[Opening INPUT section]

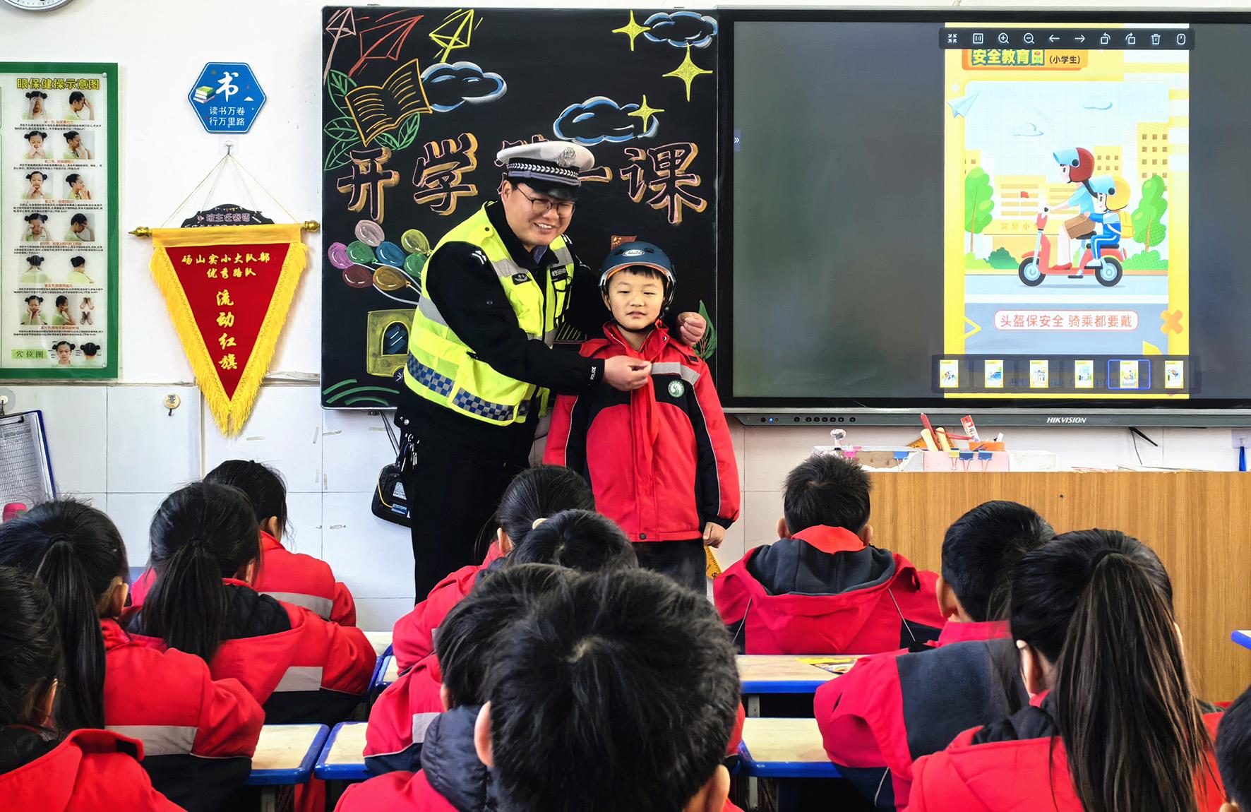 2月14日,安徽省合肥市公安局交警支隊(duì)廬陽(yáng)大隊(duì)民警走進(jìn)育新小學(xué)開展“新春開學(xué)第一課”安全宣教活動(dòng)。
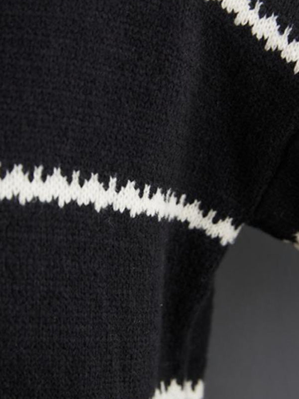 Casual Loose Long Sleeves Striped Round-Neck Sweater Tops
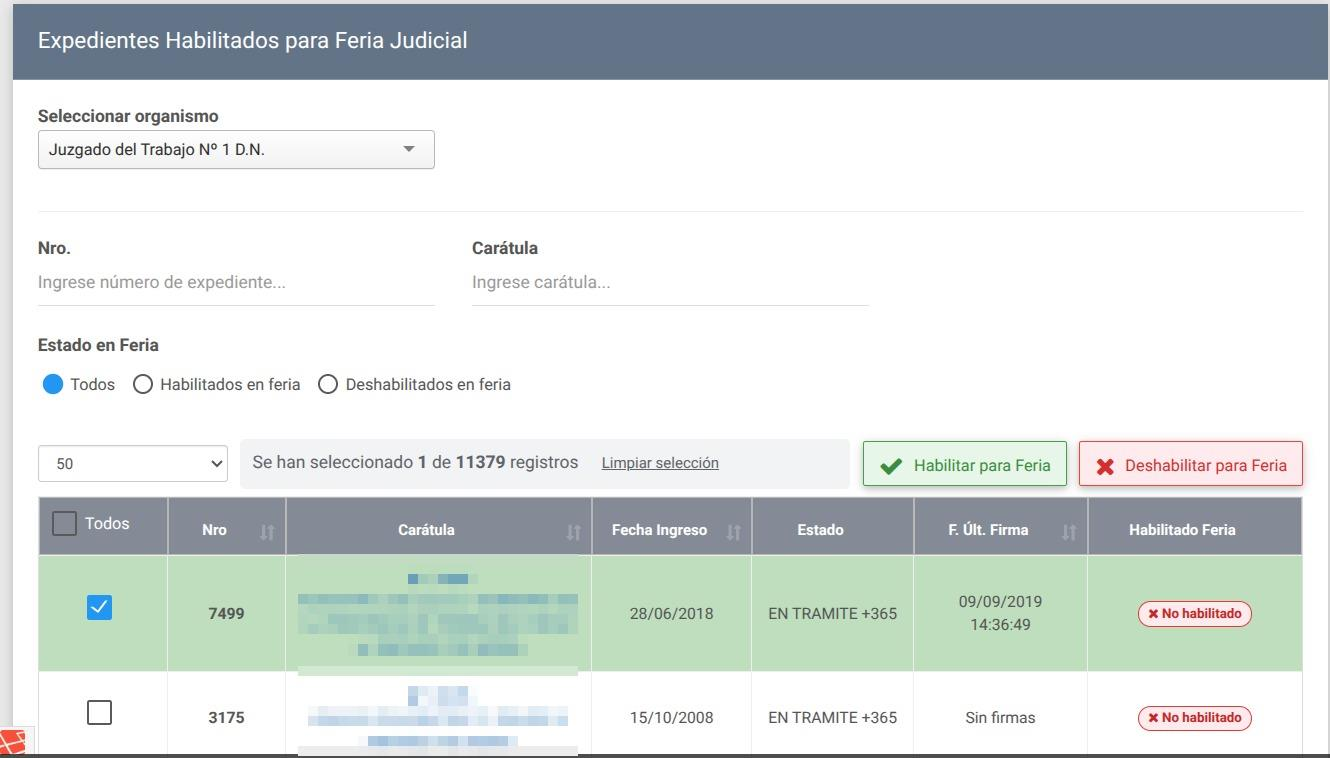 Este apartado explica cómo habilitar o deshabilitar expedientes para que puedan ser gestionados durante la feria judicial, asegurando que solo las causas urgentes o habilitadas estén disponibles para su tramitación.
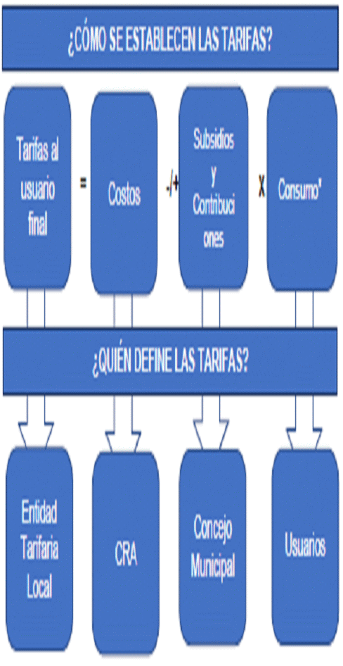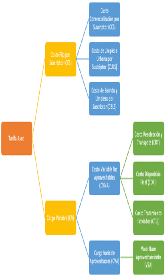 El cálculo de la tarifa de los servicios públicos de acueducto y alcantarillado incluye un Cargo Fijo (CF) y un Cargo por Consumo (CC). El cargo fijo se basa en los Costos Medios de Administración (CMA), mientras que el Cargo por Consumo (CC) por los siguientes:
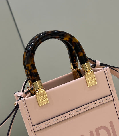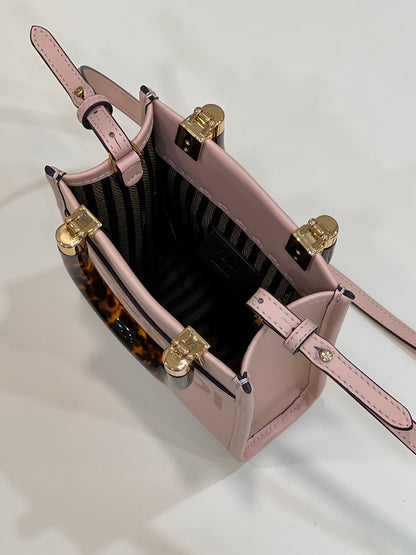 Mini Sunshine Shopper bag in pale pink with hot-stamped FND ROMA print and tortoiseshell-effect plexiglass rigid handles. With an interior lined compartment, tone on tone leather trim, gold-finish metalware. Can be carried by hand or worn on the shoulder thanks to the two handles and thin adjustable and detachable shoulder strap.
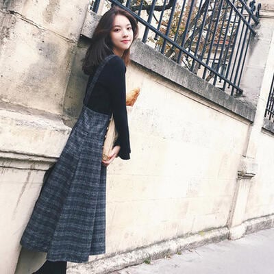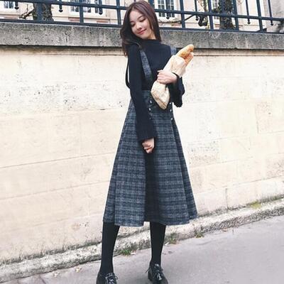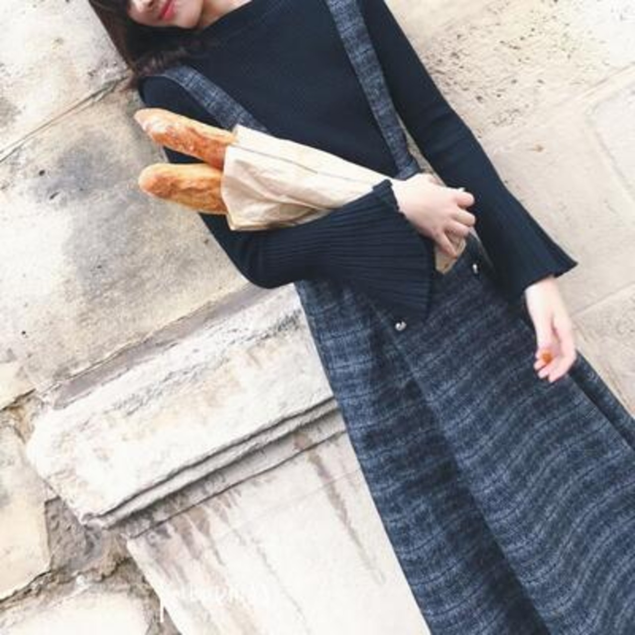落ち着いたグレンチェック柄のサロペットスカートです。
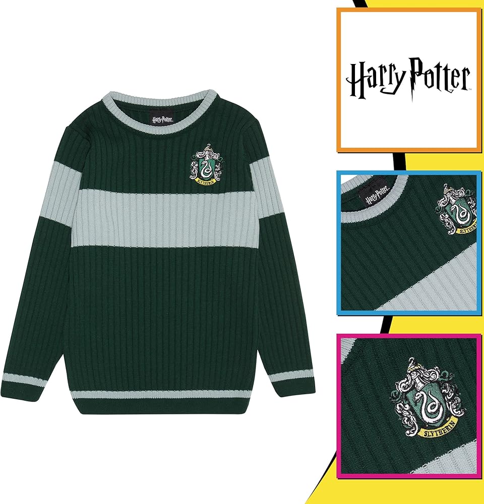 أي منزل أنت؟ تُظهر هذه القطعة من بضائع هاري بوتر الرسمية شعار سليذرين الأيقوني من ملحمة هاري بوتر الكلاسيكية على سترة محبوكة مرخصة رسميًا للأولاد تأتي هذه السترة المحبوكة المرخصة رسميًا للأولاد بقصة عادية وأكمام طويلة ورقبة دائرية ضيقة. تتميز هذه السترة بقماش مريح من خيوط الأكريليك بنسبة 100%، ويمكن غسلها في الغسالة. بوب جير هو متجرك الشامل لتلبية جميع احتياجاتك من البضائع والملابس الشخصية - نحن ملتزمون تمامًا بتزويدك بمنتجات عالية الجودة ستحبها.

[Closing INPUT section]

WORK TASK:
When you print the entries, keep every line exactly as it is and drop the pictures.

RESULT:
 2月14日,安徽省合肥市公安局交警支隊(duì)廬陽(yáng)大隊(duì)民警走進(jìn)育新小學(xué)開展“新春開學(xué)第一課”安全宣教活動(dòng)。
 Casual Loose Long Sleeves Striped Round-Neck Sweater Tops
 Este apartado explica cómo habilitar o deshabilitar expedientes para que puedan ser gestionados durante la feria judicial, asegurando que solo las causas urgentes o habilitadas estén disponibles para su tramitación.
 El cálculo de la tarifa de los servicios públicos de acueducto y alcantarillado incluye un Cargo Fijo (CF) y un Cargo por Consumo (CC). El cargo fijo se basa en los Costos Medios de Administración (CMA), mientras que el Cargo por Consumo (CC) por los siguientes:
 Mini Sunshine Shopper bag in pale pink with hot-stamped FND ROMA print and tortoiseshell-effect plexiglass rigid handles. With an interior lined compartment, tone on tone leather trim, gold-finish metalware. Can be carried by hand or worn on the shoulder thanks to the two handles and thin adjustable and detachable shoulder strap.
落ち着いたグレンチェック柄のサロペットスカートです。
 أي منزل أنت؟ تُظهر هذه القطعة من بضائع هاري بوتر الرسمية شعار سليذرين الأيقوني من ملحمة هاري بوتر الكلاسيكية على سترة محبوكة مرخصة رسميًا للأولاد تأتي هذه السترة المحبوكة المرخصة رسميًا للأولاد بقصة عادية وأكمام طويلة ورقبة دائرية ضيقة. تتميز هذه السترة بقماش مريح من خيوط الأكريليك بنسبة 100%، ويمكن غسلها في الغسالة. بوب جير هو متجرك الشامل لتلبية جميع احتياجاتك من البضائع والملابس الشخصية - نحن ملتزمون تمامًا بتزويدك بمنتجات عالية الجودة ستحبها.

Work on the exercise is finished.